Fix counter reset detection #7220

mfundul · 2019-10-29T13:33:23Z

Summary

Component Name

daemon
database

Additional Information

This is the first step to fix some of the problems discussed in #7049 .

It is theoretically impossible to always be 100% sure about things such as hardware counters that overflow. As a result it is theoretically impossible to both solve the counter reset and the counter overflow prroblem.

This implementation attempts to solve both issues by mostly erring on the safe side as if it was a counter reset.

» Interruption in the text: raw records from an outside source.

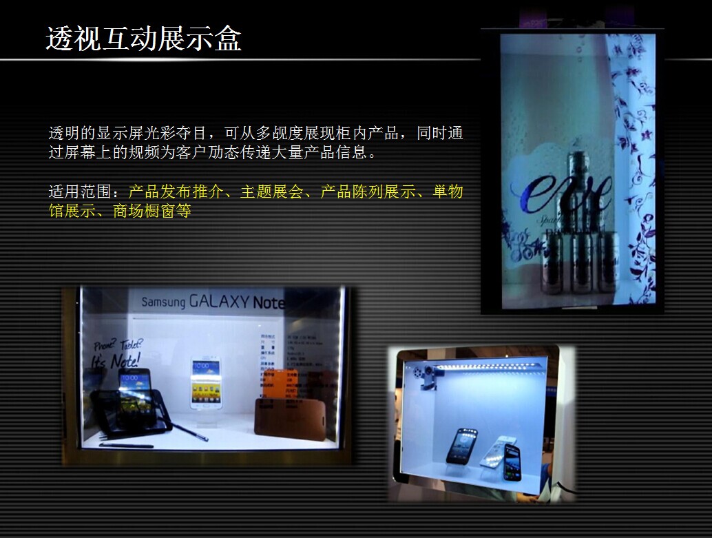 透視互動展示盒,透明的顯示屏光彩奪目,可從多覘度展現柜內產品,同時通 過屏幕上的規頻為客戶勱態傳遞大量產品信息。適用范圍:產品發布推介、主題展會、產品陳列展示、単物 館展示、商場櫥窗等
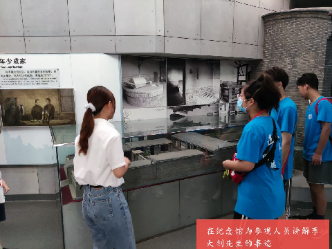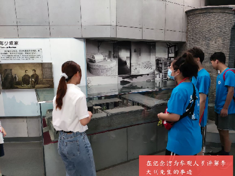 参观李大钊纪念馆,讲解李大钊先生伟大精神,追寻革命之旅。团队成员经过培训后,于7月15日上午进入纪念馆,作为讲解志愿者带领参观者进行学习。纪念馆分为三个展厅,九个专题,讲解员们按照历史时间顺序详细描述李大钊先生的光辉事迹。为河北水利电力学院实践团成员进行讲解。讲解过程,到访游客也纷纷加入其中,与团队成员一起更加深刻地感受李大钊先生博学多才、胸怀天下、心系国家、舍生忘死的英雄形象。
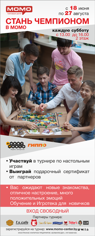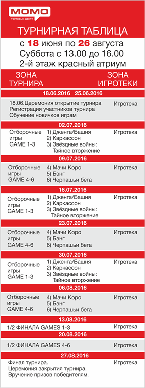 ТЦ «Момо» — это городская площадка. В дни летних каникул детям и семья хочется весело провести время. Торговый центр «Момо» предоставляет возможность провести время всей семьей, завести новые знакомства, создать себе отличное настроение и получить море положительных эмоций. В турнире участвуют следующие настольные игры: Дженга, Каркасон, Звёздные войны (Тайное вторжение), Мачи Коро, Бэнг, Черепашьи бега.
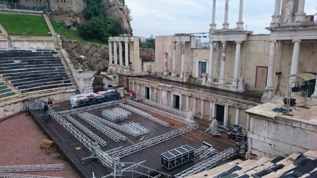 Два дни преди концерта на 2CELLOS в Пловдив тази събота, строежът на сцената започна рано тази сутрин от компания THC.
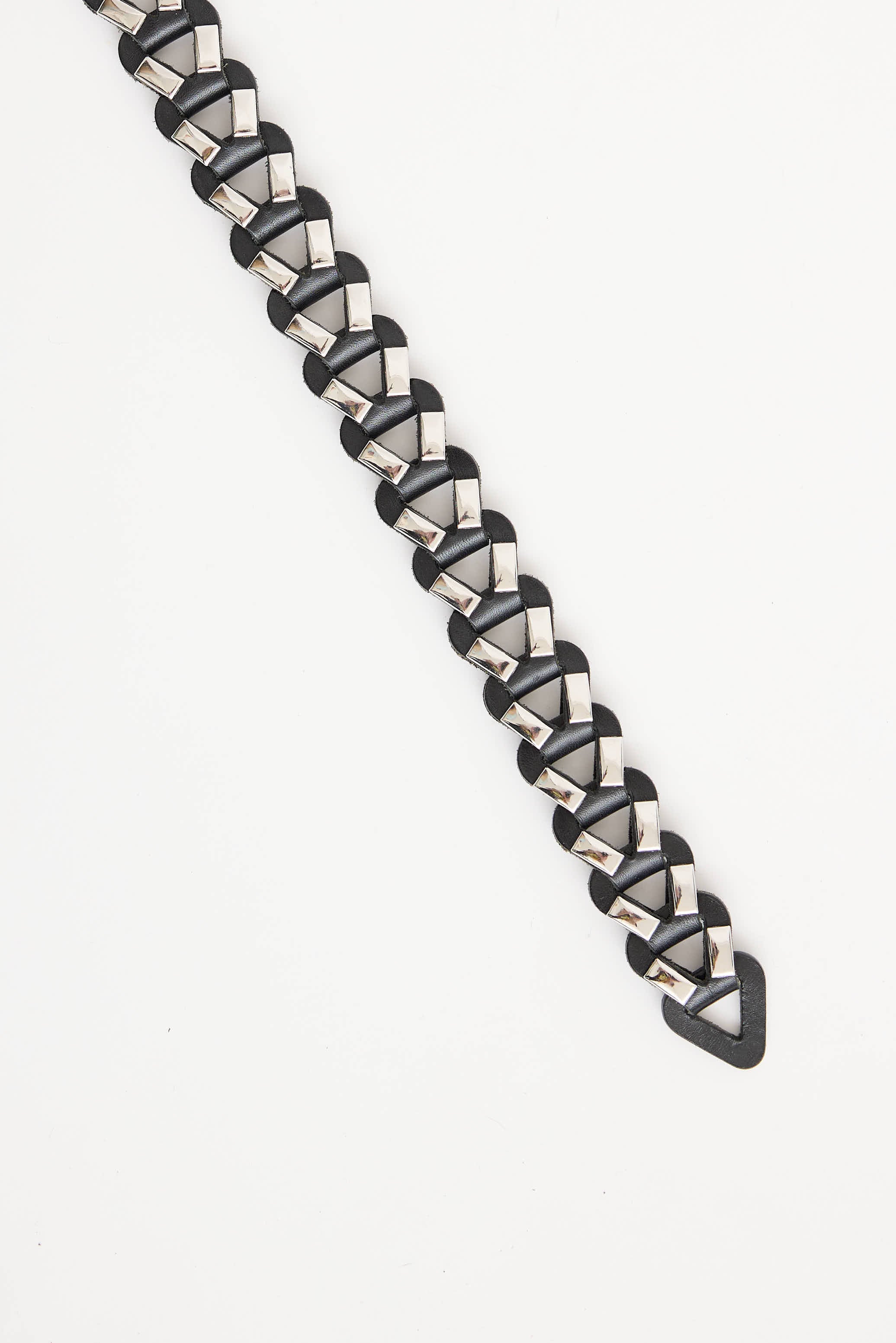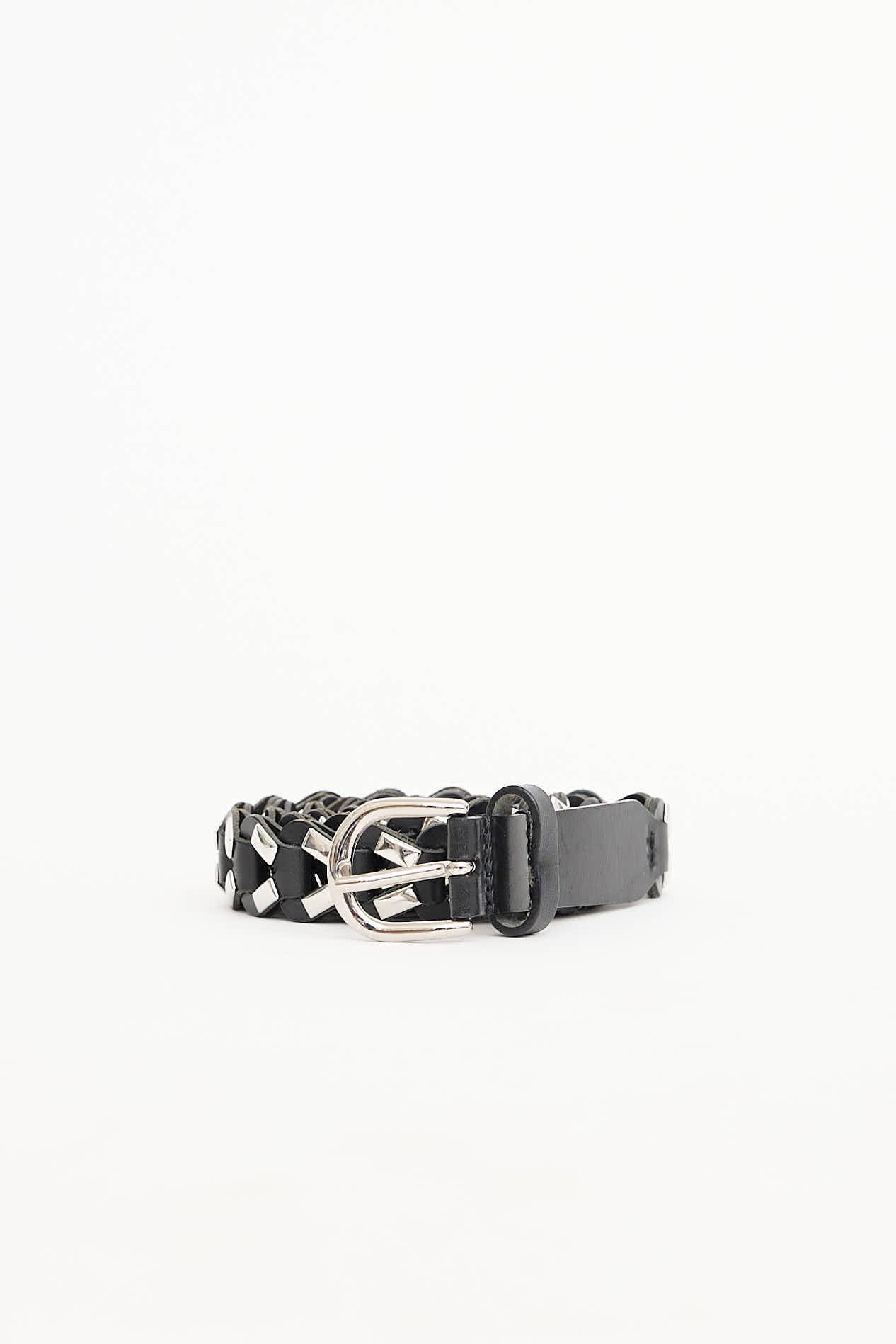 Pre-owned Isabel Marant black studded woven belt featuring silver tone hardware and round buckle.
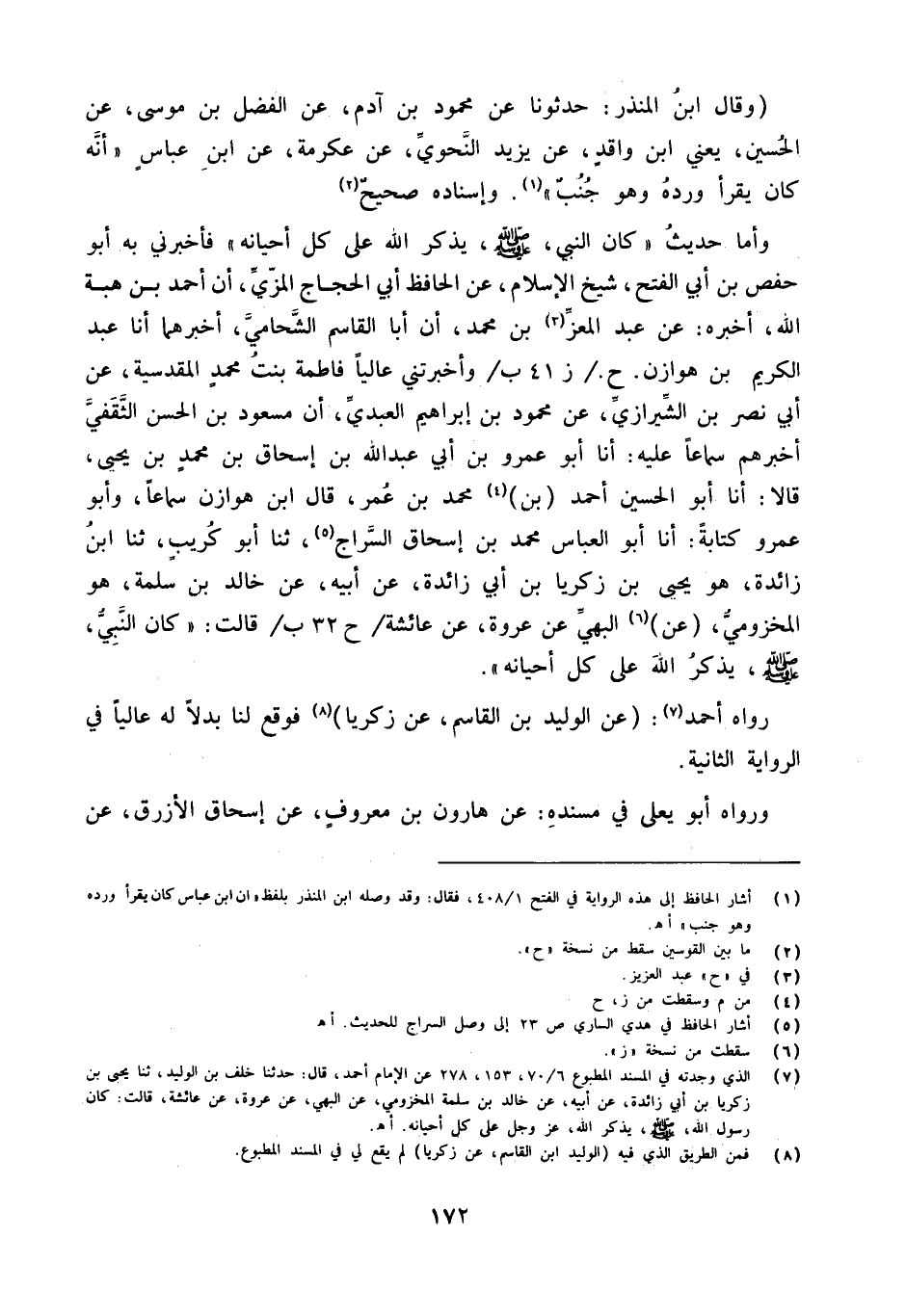 وَأما حَدِيث ((كَانَ النَّبِيُّ صَلَّى اللَّهُ عَلَيْهِ وَسلم يذكر الله على كل أحيانه)) فَأَخْبَرَنِي بِهِ أَبُو حَفْصِ بْنُ أَبِي الْفَتْحِ شَيْخُ الإِسْلامِ عَن الْحَافِظ أبي الْحجَّاج الْمزي أَنَّ أَحْمَدَ بْنَ هِبَةِ اللَّهِ أَخْبَرَهُ عَنْ عَبْدِ الْمُعِزِّ بْنِ مُحَمَّدٍ أَنَّ أَبَا الْقَاسِمِ الشَّحَّامِيَّ أَخْبَرَهُمَا أَنا عَبْدُ الْكَرِيمِ بْنُ هوَازن ح ز 41 ب وَأَخْبَرَتْنِي عَالِيًا فَاطِمَةُ بِنْتُ مُحَمَّدٍ الْمَقْدِسِيَّةُ عَنْ أَبِي نَصْرٍ الشِّيرَازِيِّ عَنْ مَحْمُودِ بْنِ إِبْرَاهِيمَ الْعَبْدِيِّ أَنَّ مَسْعُودَ بْنَ الْحَسَنِ الثَّقَفِيَّ أَخْبَرَهُمْ سَمَاعًا عَلَيْهِ أَنا أَبُو عَمْرِو بْنُ أَبِي عَبْدِ اللَّهِ بْنُ إِسْحَاقَ بْنِ مُحَمَّدِ بْنِ يَحْيَى قَالا أَنا أَبُو الْحُسَيْنِ أَحْمد (بن) مُحَمَّد بن عمر قَالَ ابْنُ هَوَازِنَ سَمَاعًا وَأَبُو عَمْرٍو كِتَابَةً أَنا أَبُو الْعَبَّاسِ مُحَمَّدُ بْنُ إِسْحَاقَ السَّرَّاجُ ثَنَا أَبُو كُرَيْبٍ ثَنَا ابْنُ زَائِدَةَ هُوَ يَحْيَى بْنُ زَكَرِيَّا بْنِ أَبِي زَائِدَةَ عَنْ أَبِيهِ عَنْ خَالِدِ بْنِ سَلَمَةَ هُوَ الْمَخْزُومِيُّ (عَنِ) الْبَهِيِّ بْنِ عُرْوَةَ عَنْ عَائِشَة ح 32 ب قَالَتْ ((كَانَ النَّبِيُّ صَلَّى اللَّهُ عَلَيْهِ وَسلم يذكر الله كُلِّ أَحْيَانِهِ))

8-bit and 16-bit or any arbitrary precision counters are not supported as it would be too much effort.

We attempt to identify most of the wrap-arounds without creating too many false negatives for counter resets.

squash-labs · 2019-10-29T13:33:29Z

Manage this branch in Squash

Test this branch here: https://mfundulfix-counter-reset-detec-fqlqb.squash.io

database/rrdset.c

mfundul · 2019-10-29T16:45:08Z

Actually, netdata only supports up to 64-bit signed values, so the existing code was wrong. See this:

typedef long long collected_number;

in libnetdata/storage_number/storage_number.h.

I will remove support for 64-bit unsigned values.

mfundul · 2019-10-29T16:47:52Z

Or figure out a way to fix unsigned 64-bit counters, but it's not obvious.

Ferroin · 2019-10-29T16:51:45Z

Or figure out a way to fix unsigned 64-bit counters, but it's not obvious.

I think we'd need a new counter type, because there are some things we track that actually do need to be able to have negative values (though usually they're within a signed 16-bit, or even signed 8-bit range).

mfundul · 2019-10-29T17:02:53Z

As soon as a signed counter wraps around we have a problem because it will begin to produce valid (as far as netdata is concerned) negative values. It might be simpler at this point to fall back to the old code that only handles unsigned counters if we are to improve the existing code-base without making a significant effort to fix things the proper way.

Ferroin · 2019-10-29T17:36:44Z

As soon as a signed counter wraps around we have a problem because it will begin to produce valid (as far as netdata is concerned) negative values. It might be simpler at this point to fall back to the old code that only handles unsigned counters if we are to improve the existing code-base without making a significant effort to fix things the proper way.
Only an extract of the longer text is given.